Of all the old-fashioned ways to insult someone, insults aimed at someone's performance in the bedroom have long been the best for causing a fight as quickly as possible. Throughout history, people have come up with hundreds of creative ways to sling insults at each other. While masters of words like William Shakespeare came up with extremely witty and cutting insults ("embossed carbuncle in my... blood," for example), there were put downs for the rest of us common folk, too.
Simple yet devastating words have been used for centuries all around the world. From Vikings to pirates, Victorian aristocrats to more recent Australian pioneers, nobody was safe. Some Medieval insults have even been documented for their zesty takedown status. The most significant thing to note is that historical insults reflect heavily on the values of the particular time and place in which they would have been used. The Victorians, for example, placed a high value on a woman's purity, hence all the words for "loose women" that sprang out of that period.
These short and sweet insults might not make us blush nowadays, but, used properly, they can still make a heated argument much hotter.
Slag – An Old English Word For The Worst Kind Of Loose Woman
On the opposite end of the spectrum from high-class call girls.
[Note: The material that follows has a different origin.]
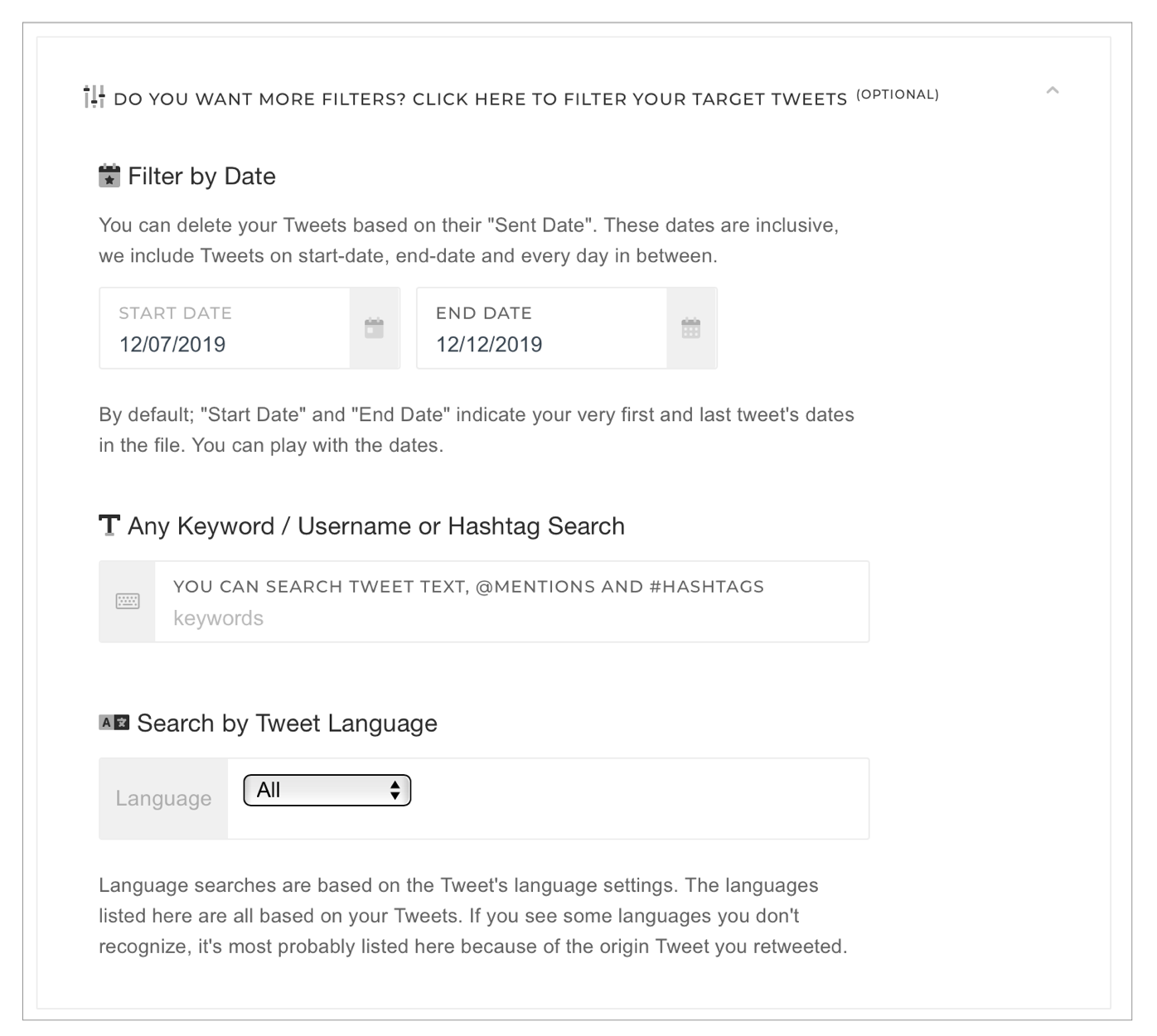 - If you want to check all of your Twitter archive, you can use Delete Your Twitter History Archive feature. You can filter them by date, keywords or username before deleting. And You can also prefer delete just retweets or replies.

Strumpet – Coined By Shakespeare & Used By Pirates, A Very 'Active' Woman Or Prostitute
Always swipes right on Tinder.
Flapdoodle – 1800s Term For Someone Who Is Either Too Young Or Too Old For Getting It On
Think Hugh Hefner.
Bedswerver – Shakespeare's Way Of Calling Someone An Adulterer
He's the town pony – everyone gets a ride.
Dirty Puzzle – Victorian For Really Nasty Prostitute
An extra-nasty corner hoe.
Yaldson – Old English For Son Of A Prostitute
Yeah, he doesn't want to talk about his mom's job.
Wagtail – In The 1800s, A Woman Who Was Either Promiscuous Or A Prostitute
She's pretty thirsty.
Camp As A Row Of Tents – Australian For 'Extremely Gay' From The Early 1900s
Someone who very much prefers penises.
Mewling Quim – 19th-Century British Zinger, Similar To Calling Someone A P*ssy
Literally meant a whimpering vagina.
Hedge-Creeper – 1800s Phrase For A Prostitute Who Worked The Countryside
These may have gone extinct.
Dark Cully – Victorian Term For A Man Who Only Visits His Mistress At Night
That two-timing bastard only goes to see her at night anyway.
Mollisher – In Victorian England, The Lover Of A Villain Or Gangster
A ride-or-die chick.
Doxy – The Wife Or Lover Of An Outlaw In Medieval England
She usually goes for the guy with the prison tats.
Dollymop – Victorian Term For A Part-Time Or Amateur Prostitute
She works as a stripper at night to pay for college.
Wandought – Old English For Impotent
He just can't get it up.
Puterelle – In Old French, A Woman With A Naughty Reputation
Girl gets around.
Sansordinn – Viking Burn For Implying Another Man Was Raped
Similar to 14 year olds in a locker room.